*Work instruction*. Your output should be the exact lines from the start of the data through the line containing "22畳のLDK。 広いだけで", with no pictures.

*Provided material*.
#####

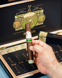 This medium bodied cigar has a savory complexity that is underscored by a delicious sweetness. Its muscular yet smooth Ecuadorian Habano maduro wrapper sheaths a Honduran binder and filler. Once rolled, each cigar is nested in a wooden coffin to protect the cigar’s delicate wrapper and help preserve its delicious flavors and aroma. The cigars are handmade at the Oscar Valladares Tobacco & Co. factory in Honduras. The Santiago Valladares Habano is a limited edition cigar. Only 2,000 boxes of 10 cigars per box were made. Order yours today!
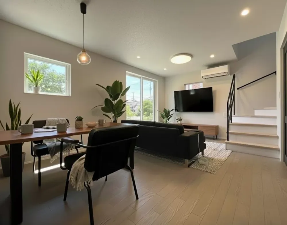 22畳のLDK。 広いだけでなく、右側にはワーキングスペース、左手にはご主人さんの友人が集うバーカウンター(折り畳み式を設けています)
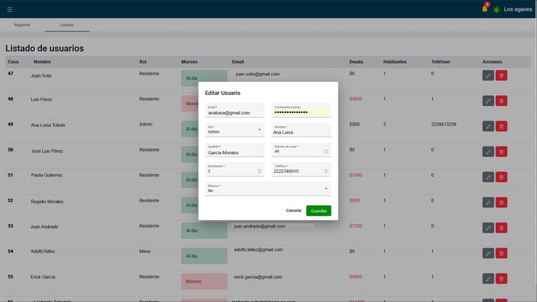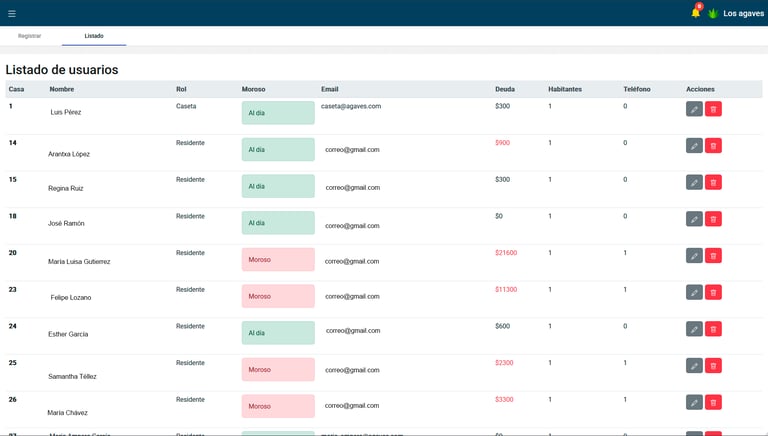 Visualiza todos los datos de los residentes, registra sus correos electrónicos, números de contacto, número de residencia, y visualiza los montos pendientes de cada residente.
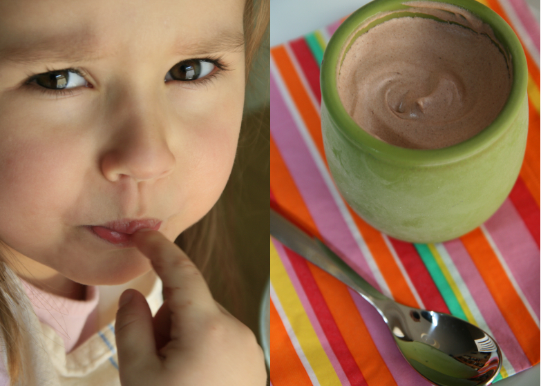Puis il faut une fillette super motivée mais ça c’est facile j’ai cela en rayon à la maison. Depuis qu’elle sait tenir une cuillère chouchou est toujours partante pour cuisiner avec maman. Aujourd’hui, du haut de ses 4 ans, elle manie le batteur électrique comme une pro. La préparation de cette glace et tellement simple que chouchou l’a réalisé toute seule. Elle a fait la mesure de lait, vidé le sachet, battue la préparation, tamisé le chocolat et remixé le tout. Je l’ai simplement aidé pour la mise en pot et la vaisselle bien sure !

#####

*Task response*.
 This medium bodied cigar has a savory complexity that is underscored by a delicious sweetness. Its muscular yet smooth Ecuadorian Habano maduro wrapper sheaths a Honduran binder and filler. Once rolled, each cigar is nested in a wooden coffin to protect the cigar’s delicate wrapper and help preserve its delicious flavors and aroma. The cigars are handmade at the Oscar Valladares Tobacco & Co. factory in Honduras. The Santiago Valladares Habano is a limited edition cigar. Only 2,000 boxes of 10 cigars per box were made. Order yours today!
 22畳のLDK。 広いだけでなく、右側にはワーキングスペース、左手にはご主人さんの友人が集うバーカウンター(折り畳み式を設けています)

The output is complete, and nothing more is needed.